• **Task statement**
The answer must be an exact copy of the records, with no pictures in it.

(Records from a data collection)
▬▬▬

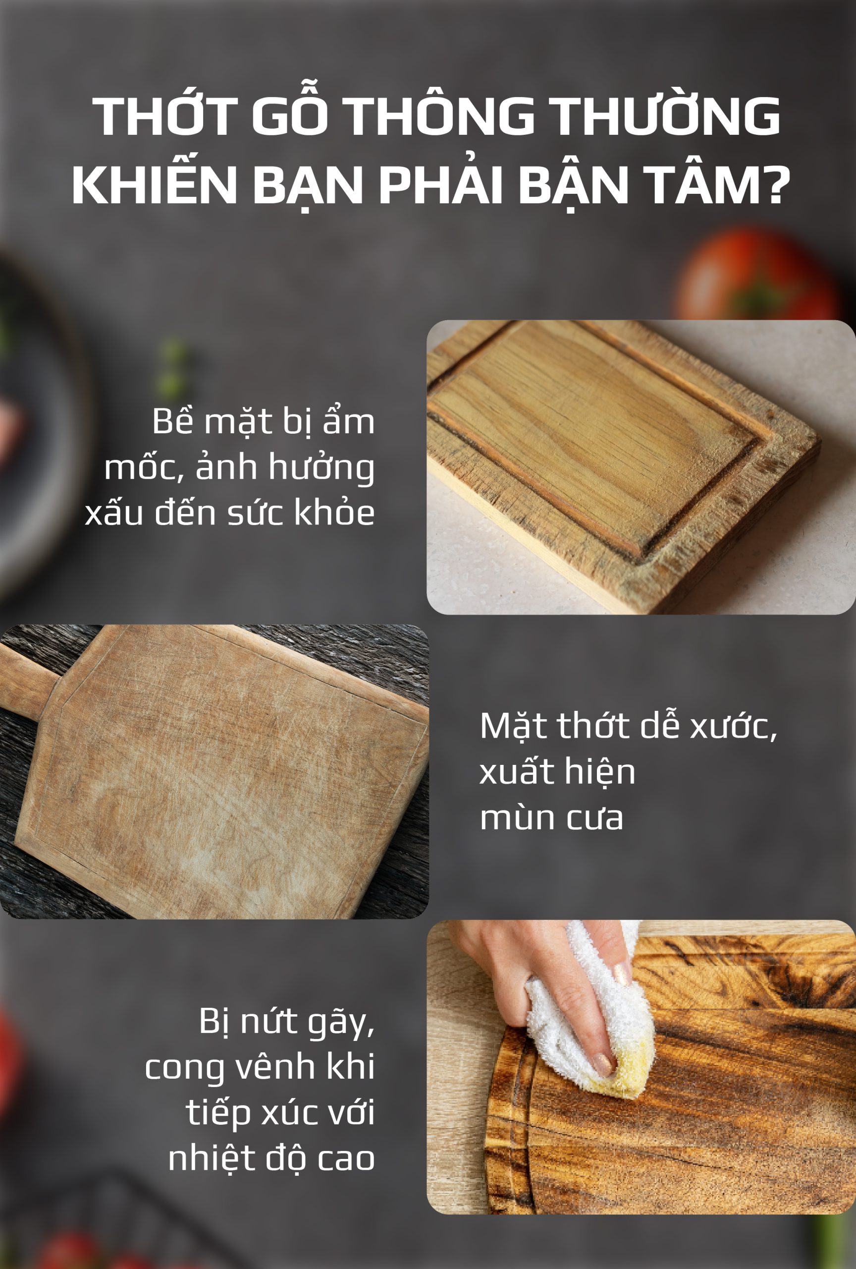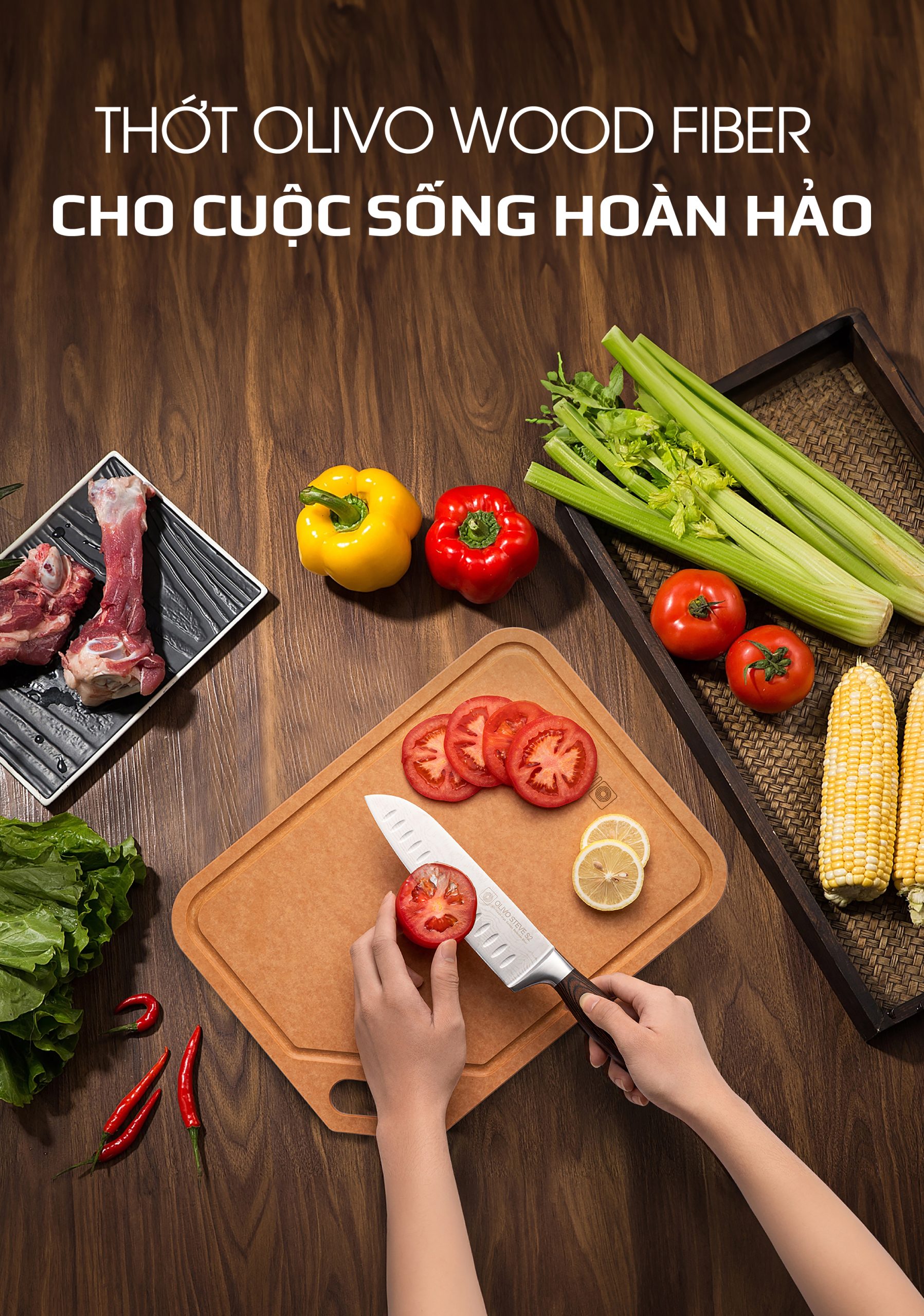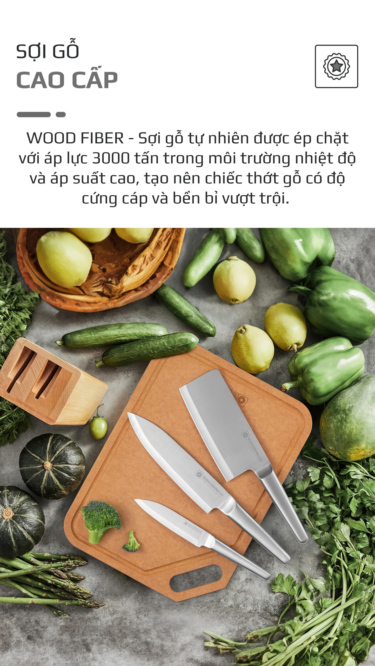 - WOOD FIBER – Sợi gỗ tự nhiên được ép chặt với áp lực 3000 tấn trong môi trường nhiệt độ và áp suất cao, tạo nên chiếc thớt gỗ có độ cứng cáp và bền bỉ vượt trội.
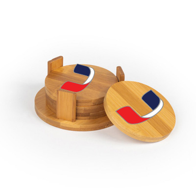 Utility Round Bamboo Coaster Set of 4 with holder
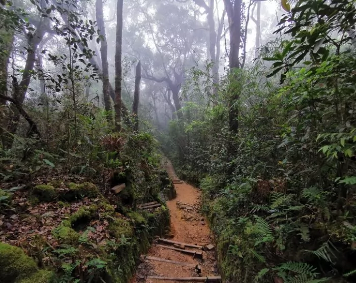 Leaving Timpohon Gate, you’ll enter the lush rainforest terrain, accompanied by the sounds of cicadas and birds. The trail winds through dense bushes and tall trees, with the humid air gradually replaced by cooler temperatures as you ascend the mountain.
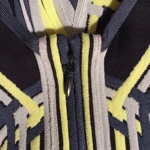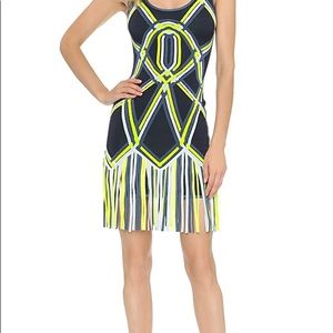 Swingy fringe pours over the hem of this curve-hugging Herve Leger dress. Neon accents add a lively touch to the intarsia cage pattern. Sleeveless. Hidden back zip. Unlined.
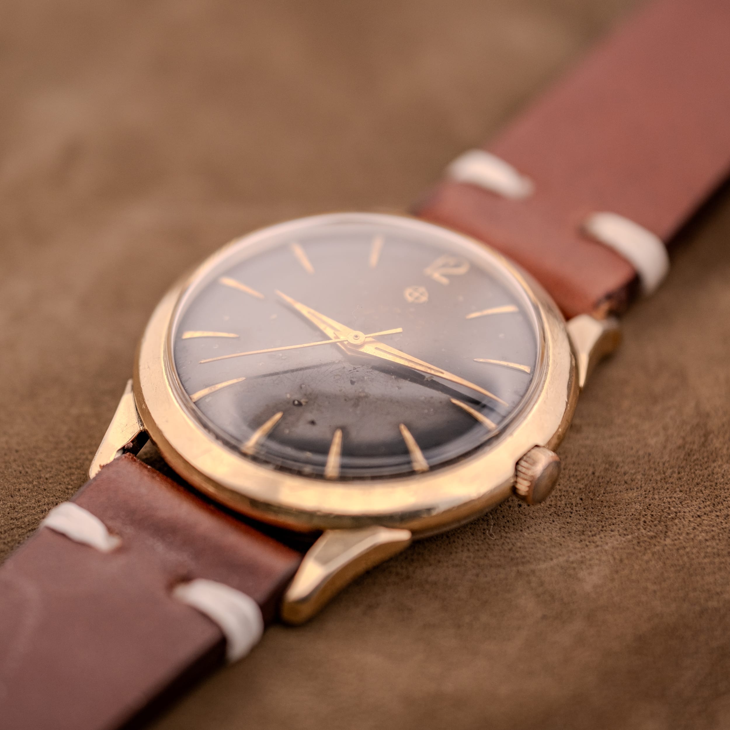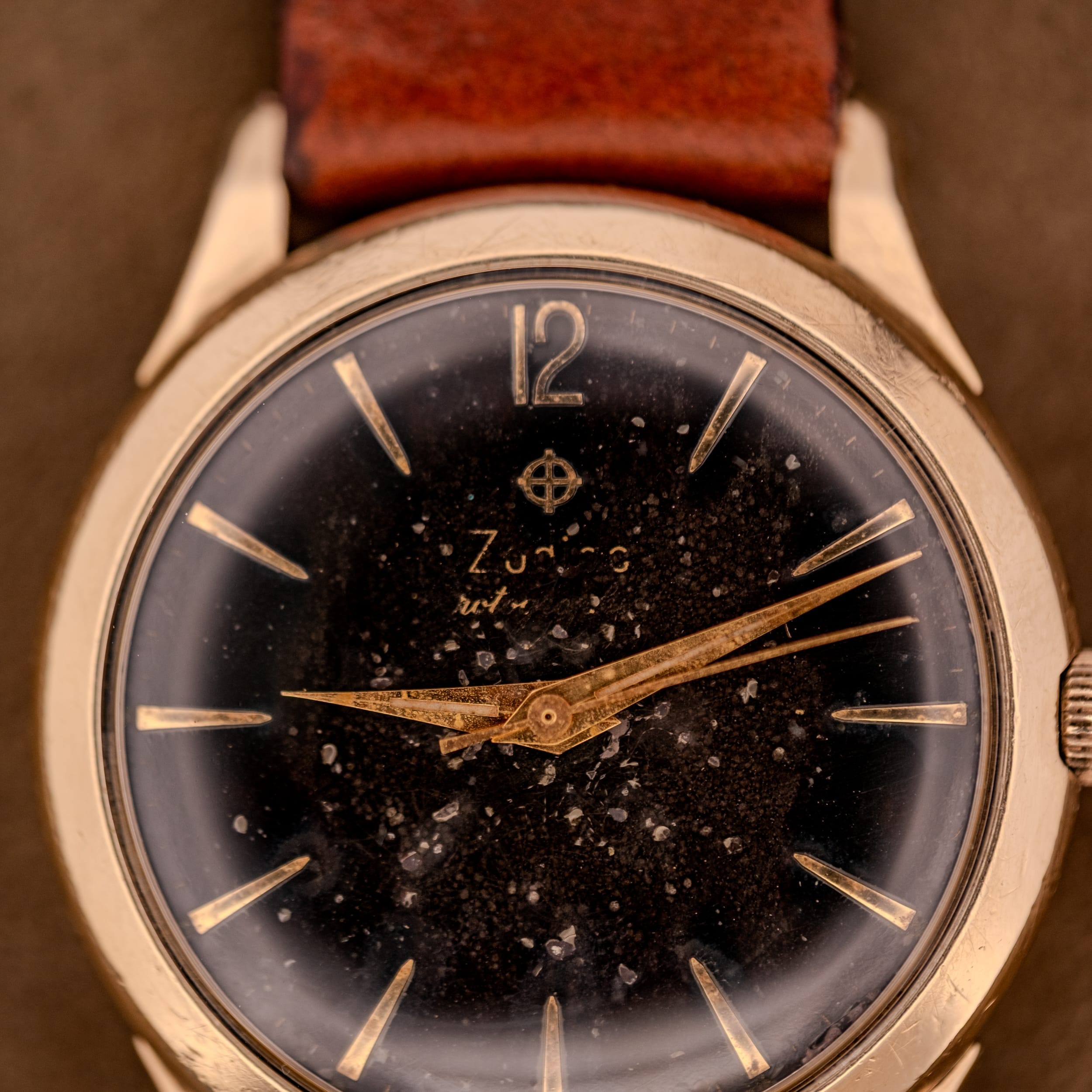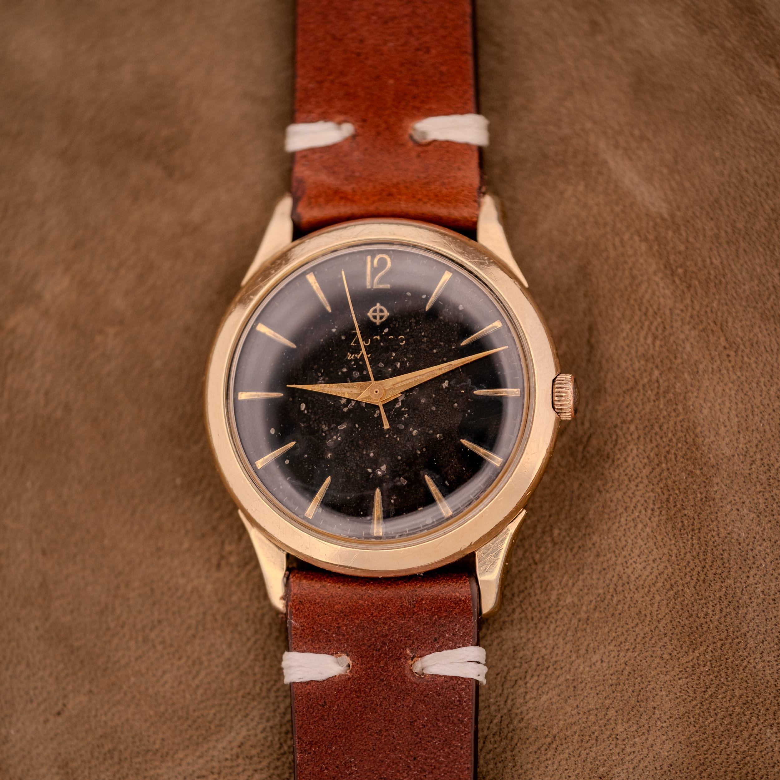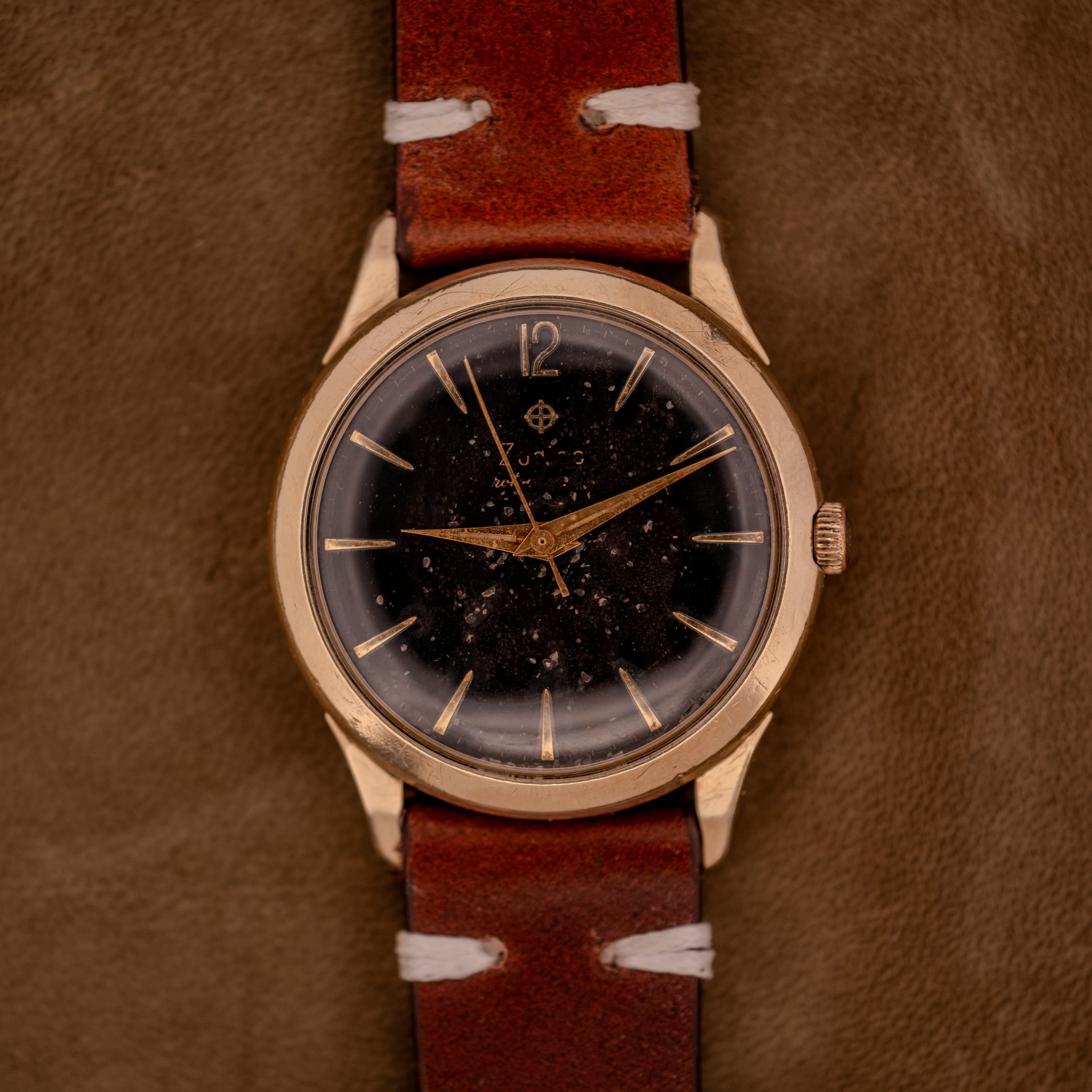 An absolutely mesmerizing 1950s Zodiac Hermetic automatic in 10K gold filled, featuring a deeply evocative black dial with extraordinary starry night tropical patina. Applied gold dagger indices radiate outward, a stylized gold Arabic “12” anchors the top, and the original gold lance handset sweeps across a dial surface that looks like a photograph of deep space. Sculpted lugs and Incabloc shock protection complete the picture. This one is pure wrist candy for the patina hunter.
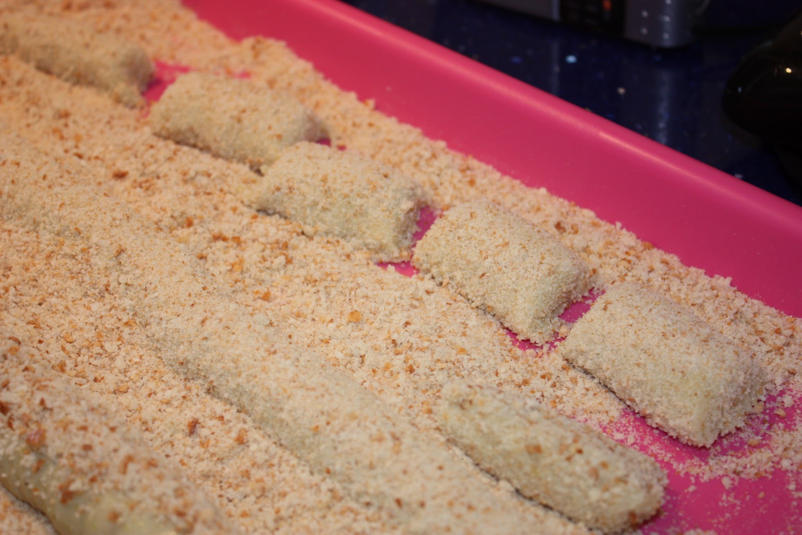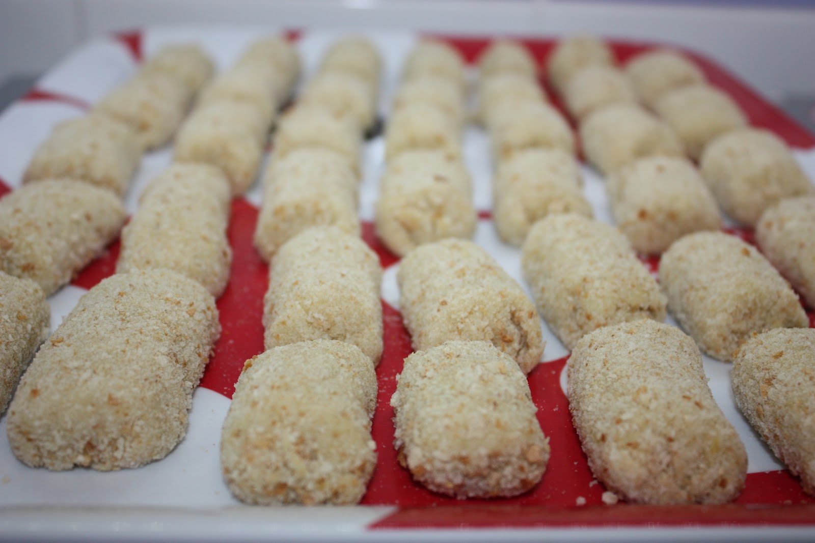 Una vez cortadas nos aseguramos que estén bien rebozadas , por los extremos también , y las pasamos a otra bandeja.

▬▬▬

• **Reply to the exercise**
 - WOOD FIBER – Sợi gỗ tự nhiên được ép chặt với áp lực 3000 tấn trong môi trường nhiệt độ và áp suất cao, tạo nên chiếc thớt gỗ có độ cứng cáp và bền bỉ vượt trội.
 Utility Round Bamboo Coaster Set of 4 with holder
 Leaving Timpohon Gate, you’ll enter the lush rainforest terrain, accompanied by the sounds of cicadas and birds. The trail winds through dense bushes and tall trees, with the humid air gradually replaced by cooler temperatures as you ascend the mountain.
 Swingy fringe pours over the hem of this curve-hugging Herve Leger dress. Neon accents add a lively touch to the intarsia cage pattern. Sleeveless. Hidden back zip. Unlined.
 An absolutely mesmerizing 1950s Zodiac Hermetic automatic in 10K gold filled, featuring a deeply evocative black dial with extraordinary starry night tropical patina. Applied gold dagger indices radiate outward, a stylized gold Arabic “12” anchors the top, and the original gold lance handset sweeps across a dial surface that looks like a photograph of deep space. Sculpted lugs and Incabloc shock protection complete the picture. This one is pure wrist candy for the patina hunter.
 Una vez cortadas nos aseguramos que estén bien rebozadas , por los extremos también , y las pasamos a otra bandeja.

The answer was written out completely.